Naeem Burroughs
Bio
Recruiting
Scouting Report
Naeem Burroughs is a 4-star wide receiver from The Bolles School in Jacksonville (FL) and a Clemson commit, rated the No. 61 overall prospect nationally with a 0.9729 composite — borderline top-25 territory. A vertical/perimeter threat clocked at 5-11 and roughly 160-175 pounds, he projects as a field-stretching 'X'/flanker whose blazing top-end speed and crisp route-running drew a high-level evaluation from 247Sports' director of scouting Andrew Ivins.
Physical Profile
Listed between 5-11/160 (247Sports) and 6-0/175 (ESPN), Burroughs carries a lean, wiry frame that is the one obvious flag in an otherwise elite profile — he'll need to add 15-20 pounds of functional mass to hold up against press-man corners and SEC/ACC-caliber physicality. What separates him is genuinely rare long speed; his 22.0 yards-per-catch as a senior is the statistical fingerprint of a true vertical burner, not a manufactured-touches slot. His build is prototypical for a perimeter speed receiver, with the height to play outside but a wingspan/play-strength question that will define how quickly he sees the field.
Play Style
Burroughs plays fast and decisive, threatening the top of the defense on nearly every snap and uncovering deep with a long, gliding stride that eats cushion in a hurry. On film he separates with tempo changes and clean route breaks rather than pure physical dominance — a track-speed receiver who pairs the burst with technique. He's a vertical and after-the-catch weapon whose explosiveness shows up in the box score (22 YPC), and he's most dangerous on go routes, post/seam shots, and quick-game touches where he can get into open grass and outrun angles.
Strengths
- Elite long speed and home-run ability — a 22.0 yards-per-catch senior average (58 catches, 1,275 yards, 18 TD) reflects a receiver who turns routine completions into explosives and forces safeties to cap the field.

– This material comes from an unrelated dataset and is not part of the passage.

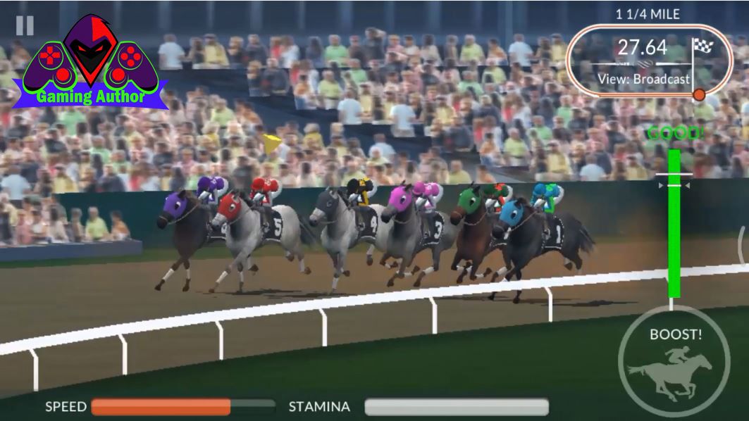After successfully signing in then before starting the START we must be good at pressing buttons named TAP as much as three times that which we must press him right on target that has been specified. which are useful to increase the speed of our horse early on so that could a quick start early in advance. But if you guys don't get it right on target then you should be good at the other set the pace. In addition to the initial speed which then after off the START then we to add speed rate our horse then we have to look at the screen of the phone you are where you should be good at looking at the SPEED of horses you guys that will be marked with colored lines Orange and you guys should also be good at looking at the STAMINA of the horses you guys also will be marked with a white line. And next you guys will also see a button called BOOST mobile screen in you guys that will be marked white. Next to these buttons function uses is to raise the SPEED of horses by pressing the BOOST button and stop it right on the line have been on point further if you guys have managed to stop it on a line that has been in point then the green line which if the line is green then the speed of the SPEED that we get will be very nice so that the SPEED that has been reduced would be increased again and we must be good at pressing the BOOST this because he is the main function of the speed of our horses and if you guys often push button BOOST the STAMINA you guys will be reduced so you should be good at using his STAMINA so that you do not run out so that if depleted speed SPEED horses We can not grow anymore so you guys must be good at pressing the BOOST. If you guys are good at regulating the BOOST button pressed and then you guys will win as I am in a MAJOR EVENT named BALTIMORE STAKES which in this event we must do that 1st round was very long that arena where we can see the arena in our mobile screen is on top of the right hand so we must be good at playing a BOOST to be able to win in this second event and if you win then you will get bonus prizes in the form of money that you have in set at the beginning of this game. Next click CONTINUE to return to the main menu and start the next race where we have opened up MAJOR EVENT menu 4.

- Advanced route-running for his class — 247Sports' Andrew Ivins specifically praised his crisp route technique, an unusually polished trait for a speed prospect and the reason he ranks as high as the No. 2 WR in the On300.
- Proven, scaling production and elite competition pedigree at a national-power program (Bolles) — over 2,500 career receiving yards and 34 TDs, with year-over-year jumps (12 TD as a junior in 9 games to 18 as a senior) and offers from Alabama, Ohio State and Florida before committing to Clemson.
Areas to Improve
- Play strength and frame — at ~160-175 pounds he must add functional mass to beat press coverage off the line, win contested catches against bigger DBs, and finish through contact at the catch point.
- Route-tree expansion and contested-catch volume — much of his production comes from vertical and stretch concepts; rounding out the intermediate game (slants, digs, comebacks) and proving he can win the 50/50 ball will determine whether he's a pure deep threat or a complete every-down receiver.
College Projection
Projects as a developmental-but-fast-tracked perimeter receiver at Clemson. The speed and route polish make him an immediate vertical-package and special-teams contributor as a true freshman, but a redshirt-or-rotational first year is likely while he adds the weight needed to handle ACC press corners. Realistic timeline to a starting outside role is Year 2, with the ceiling of a primary deep threat and eventual NFL-caliber WR1/2 if the frame fills out as projected for a top-65 national talent.
NFL Outlook
Carries legitimate Day 1-2 draft upside as a 4-star, top-61 national recruit. The combination of rare long speed and advanced route-running is the foundation NFL evaluators covet in a vertical separator; if he adds play strength and proves a fuller route tree in college, he has the traits of an eventual mid-round-or-better selection with Pro Bowl ceiling as a field-stretcher. The frame and contested-catch profile are the swing factors between a starting NFL receiver and a rotational speed specialist.
Best Fit
A vertical, pro-spread offense that schemes the deep ball and motion to create free releases — exactly the kind of system Clemson can run for him. He maximizes in an offense that uses play-action shots, stacks/bunches to keep him off press, and quick-game touches to get the ball in his hands in space, where his speed turns short throws into chunk plays. Less ideal in a possession-heavy, contested-catch-dependent scheme that asks him to win physically over the middle before he develops his frame.
Player Comparison
Both are elite-ranked prospects (Waddle was #66 nationally) with similar 5'11", 175-180 lb frames who translate exceptional high school production against top competition into college success. Waddle's combination of elite ranking, premium athleticism in a compact frame, and ability to impact games in multiple ways mirrors this prospect's profile perfectly.